Medically reviewed by Drugs.com. Last updated on Mar 24, 2023.
ZOLADEX, at a dose of 3.6 mg, should be administered subcutaneously every 28 days into the anterior abdominal wall below the navel line using an aseptic technique under the supervision of a physician [see Dosage and Administration (2.7)].
While a delay of a few days is permissible, every effort should be made to adhere to the 28-day schedule.
Stage B2-C Prostatic Carcinoma
When ZOLADEX is given in combination with radiotherapy and flutamide for patients with Stage T2b-T4 (Stage B2-C) prostatic carcinoma, treatment should be started 8 weeks prior to initiating radiotherapy and should continue during radiation therapy. A treatment regimen using a ZOLADEX 3.6 mg depot 8 weeks before radiotherapy, followed in 28 days by the ZOLADEX 10.8 mg depot, can be administered. Alternatively, four injections of 3.6 mg depot can be administered at 28-day intervals, two depots preceding and two during radiotherapy.
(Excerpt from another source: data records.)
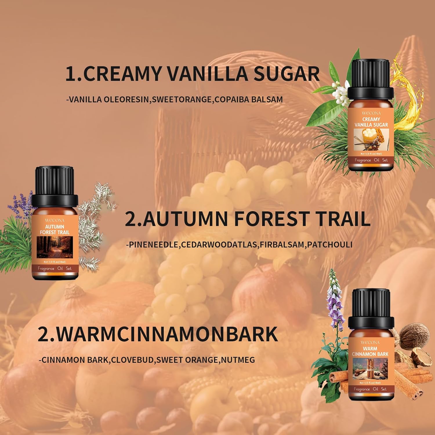 - Pure Plant Extracts , Safe & Healthy: Our Fall Essential Oils Set features pure plant extracts. Each essential oils is crafted from natural ingredients, ensuring a clean and safe aroma experience ideal for home, office, or outdoor use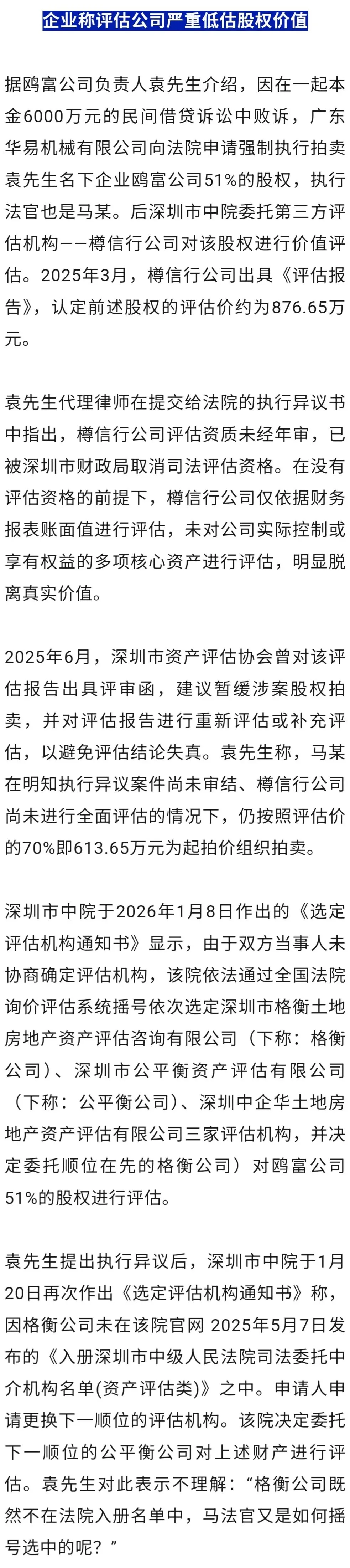 2026年1月26日,法官马某继续发出协助评估通知书(2025)粤03执恢228号之四,继续强行指定深圳市公平衡资产评估有限公司进行评估。袁先生多次反映要求双方摇号选定评估公司并呼吁深圳中院重视确保公正执法。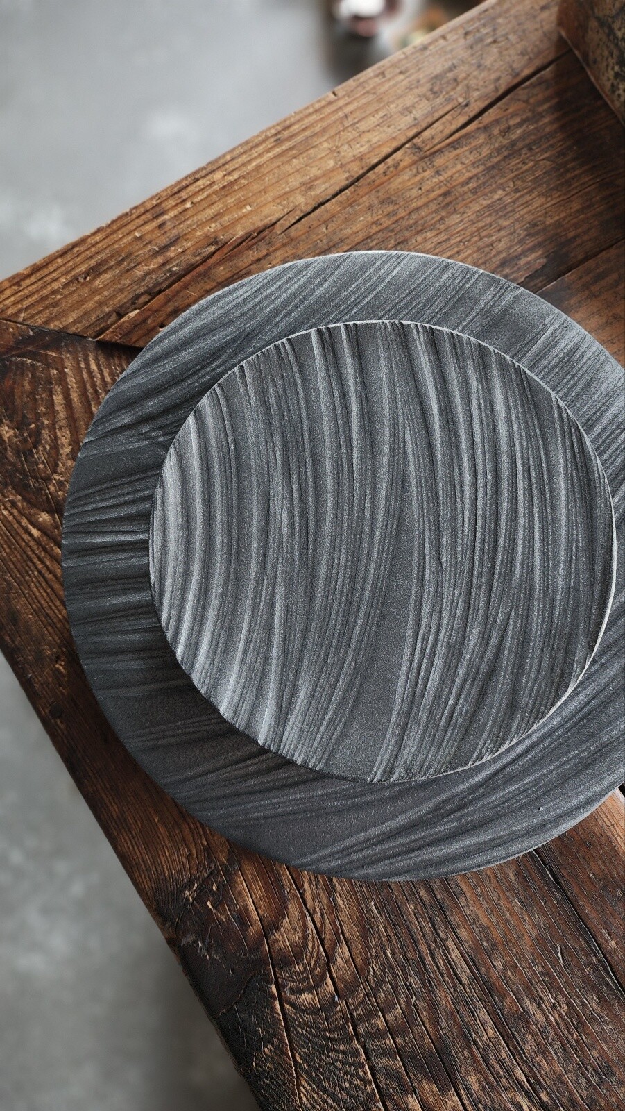 접시마다 선의 흐름과 깊이가 모두 다르게 표현됩니다.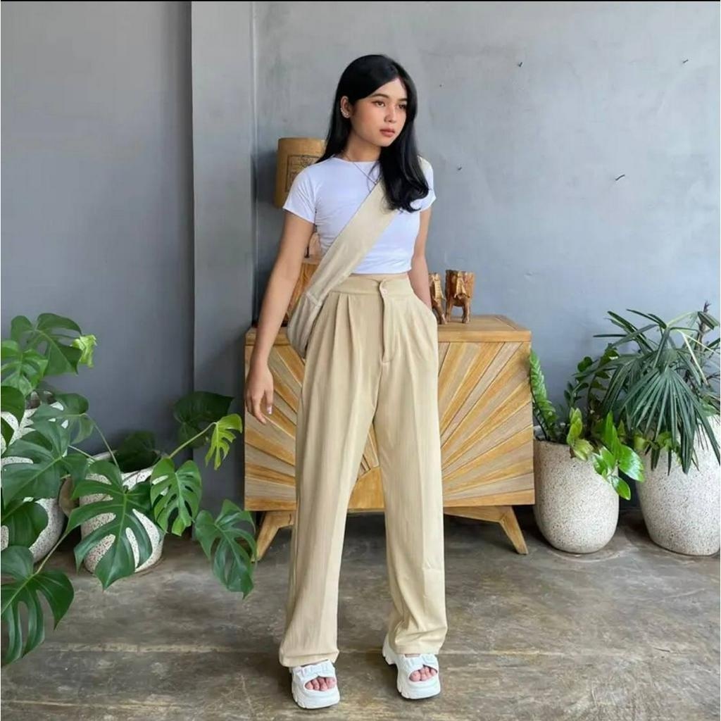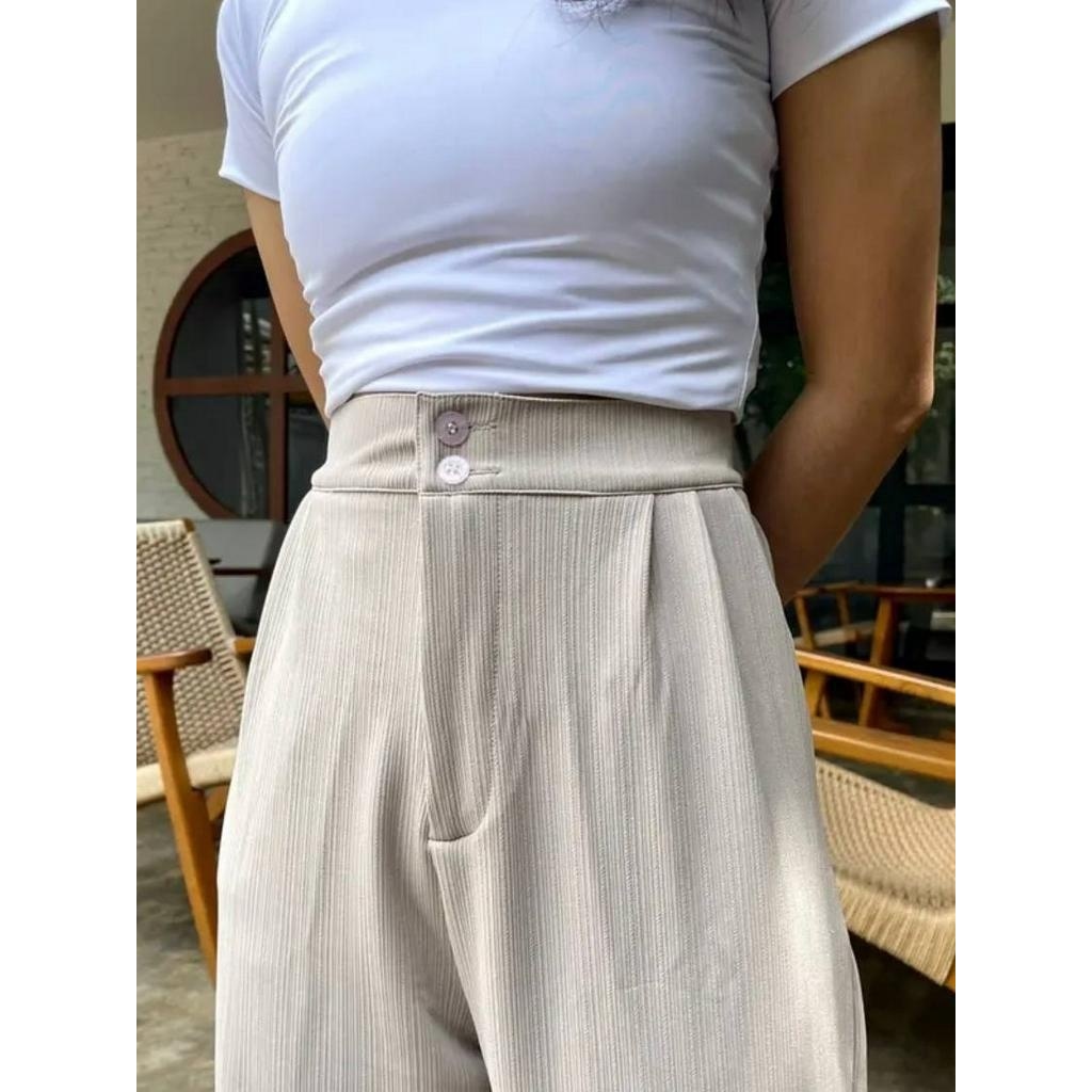 Celana Kulot Jennie Knit Pants Kancing 2 Resleting Loose Pants Wanita Highwaist

For the management of advanced prostate cancer, ZOLADEX is intended for long-term administration unless clinically inappropriate.
For the management of endometriosis, the recommended duration of administration is 6 months.
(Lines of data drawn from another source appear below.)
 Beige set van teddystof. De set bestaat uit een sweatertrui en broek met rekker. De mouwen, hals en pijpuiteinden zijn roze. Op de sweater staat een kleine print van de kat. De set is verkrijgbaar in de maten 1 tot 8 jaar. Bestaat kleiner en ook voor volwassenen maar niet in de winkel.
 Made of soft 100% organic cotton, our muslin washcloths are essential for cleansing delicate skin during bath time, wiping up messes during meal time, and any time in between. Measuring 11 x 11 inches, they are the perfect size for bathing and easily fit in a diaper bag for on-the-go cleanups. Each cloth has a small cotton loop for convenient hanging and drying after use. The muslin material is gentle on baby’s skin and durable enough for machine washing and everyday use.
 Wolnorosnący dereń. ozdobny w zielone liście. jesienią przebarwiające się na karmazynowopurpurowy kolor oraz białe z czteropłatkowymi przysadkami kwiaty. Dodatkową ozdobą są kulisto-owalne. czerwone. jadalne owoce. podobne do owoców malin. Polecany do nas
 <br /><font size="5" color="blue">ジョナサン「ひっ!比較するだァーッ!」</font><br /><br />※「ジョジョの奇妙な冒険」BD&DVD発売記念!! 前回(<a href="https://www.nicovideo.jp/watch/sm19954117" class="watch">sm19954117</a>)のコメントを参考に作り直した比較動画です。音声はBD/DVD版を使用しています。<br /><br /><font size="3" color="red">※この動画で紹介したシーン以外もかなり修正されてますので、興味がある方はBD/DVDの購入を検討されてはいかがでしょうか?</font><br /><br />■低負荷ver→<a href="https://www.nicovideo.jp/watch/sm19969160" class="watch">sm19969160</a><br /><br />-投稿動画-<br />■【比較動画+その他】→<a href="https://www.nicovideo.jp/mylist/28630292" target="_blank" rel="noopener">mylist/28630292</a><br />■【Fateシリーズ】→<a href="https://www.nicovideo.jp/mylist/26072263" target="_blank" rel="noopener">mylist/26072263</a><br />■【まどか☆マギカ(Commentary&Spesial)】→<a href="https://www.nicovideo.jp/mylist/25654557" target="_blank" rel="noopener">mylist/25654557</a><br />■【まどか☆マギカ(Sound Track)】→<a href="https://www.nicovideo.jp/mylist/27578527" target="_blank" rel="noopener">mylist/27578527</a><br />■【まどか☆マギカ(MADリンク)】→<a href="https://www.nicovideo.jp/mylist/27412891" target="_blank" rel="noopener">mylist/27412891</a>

Currently, there are no clinical data on the effect of treatment of benign gynecological conditions with ZOLADEX for periods in excess of 6 months.
Retreatment cannot be recommended for the management of endometriosis since safety data for retreatment are not available. If the symptoms of endometriosis recur after a course of therapy, and further treatment with ZOLADEX is contemplated, consideration should be given to monitoring bone mineral density. Clinical studies suggest the addition of Hormone Replacement Therapy (estrogens and/or progestins) to ZOLADEX is effective in reducing the bone mineral loss which occurs with ZOLADEX alone without compromising the efficacy of ZOLADEX in relieving the symptoms of endometriosis. The addition of Hormone Replacement Therapy may also reduce the occurrence of vasomotor symptoms and vaginal dryness associated with hypoestrogenism. The optimal drugs, dose and duration of treatment has not been established.
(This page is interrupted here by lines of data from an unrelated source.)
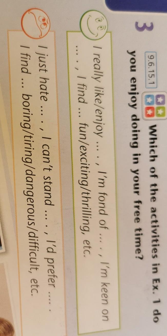 3 9.6.15.1 Which of the activities in Ex. 1 do you enjoy doing in your free time? I really like/enjoy ... . , I'm fond of ... . , I'm keen on ... . , I find ... fun/exciting/thrilling, etc. I just hate ...., I can't stand ... . , I'd prefer ..... I find... boring/tiring/dangerous/difficult, etc.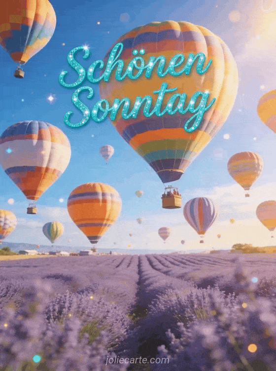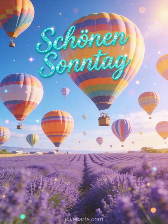 Teile einen leuchtenden Sonntagsgruß mit türkisfarbener Schrift, bunten Heißluftballons über Lavendelfeldern, blauem Himmel und sommerlicher Abenteuerstimmung nach Provence-Art. Entdecke auch Schönen Sonntag lustiges gif oder einen schönen Sonntag wünschen.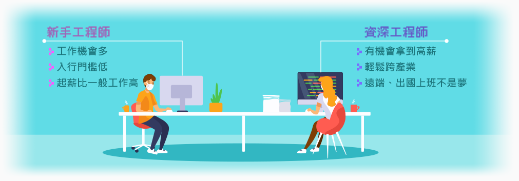 對於新手工程師,軟體開發的入行門檻低,非本科系的軟體工程師大有人在。也就是說,只要有心,不論透過自學或是去上課,人人都能成為軟體工程師。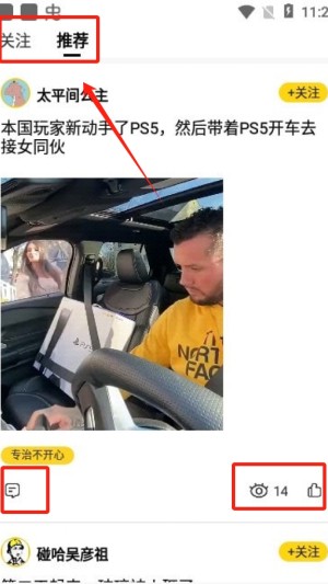 2、在推荐页面中,浏览不同的视频和帖子,点击“推荐”标签来发现更多娱乐内容。

For use as an endometrial-thinning agent prior to endometrial ablation, the dosing recommendation is one or two depots (with each depot given four weeks apart). When one depot is administered, surgery should be performed at four weeks. When two depots are administered, surgery should be performed within two to four weeks following administration of the second depot.
For the management of advanced breast cancer, ZOLADEX is intended for long-term administration unless clinically inappropriate.
Renal or Hepatic Impairment
No dosage adjustment is necessary for patients with renal or hepatic impairment.
The proper method of administration of ZOLADEX is described in the instructions that follow.
- Put the patient in a comfortable position with the upper part of the body slightly raised. Prepare an area of the anterior abdominal wall below the navel line with an alcohol swab.
NOTE: Caution should be taken while injecting ZOLADEX into the anterior abdominal wall due to the proximity of underlying inferior epigastric artery and its branches.
- Examine the foil pouch and syringe for damage. Remove the syringe from the opened foil pouch and hold the syringe at a slight angle to the light. Check that at least part of the ZOLADEX implant is visible.
- Grasp the red plastic safety tab and pull away from the syringe, and discard. Remove needle cover. Unlike liquid injections, there is no need to remove air bubbles as attempts to do so may displace the ZOLADEX implant.
- Holding the syringe around the protective sleeve, using an aseptic technique, pinch the skin of the patient's anterior abdominal wall below the navel line. With the bevel of the needle facing up, insert the needle at a 30 to 45 degree angle to the skin in one continuous deliberate motion until the protective sleeve touches the patient's skin.
NOTE: The ZOLADEX syringe cannot be used for aspiration. If the hypodermic needle penetrates a large vessel, blood will be seen instantly in the syringe chamber. If a vessel is penetrated, withdraw the needle and inject with a new syringe elsewhere. Monitor patients for signs or symptoms of abdominal hemorrhage. Use extra care when administering ZOLADEX to patients with a low BMI and/or to patients receiving full dose anticoagulation [see Warnings and Precautions (5.9)].
- Do not penetrate into muscle or peritoneum.
- To administer the ZOLADEX implant and to activate the protective sleeve, grasp the barrel at the finger grip and depress the plunger until you cannot depress it any further. If the plunger is not depressed fully, the protective sleeve will NOT activate. When the protective sleeve ‘clicks’, the protective sleeve will automatically begin to slide to cover the needle.
NOTE: The needle does not retract.
- Withdraw the needle and allow protective sleeve to slide and cover needle. Dispose of the syringe in an approved sharps collector.
NOTE: In the unlikely event of the need to surgically remove ZOLADEX, it may be localized by ultrasound.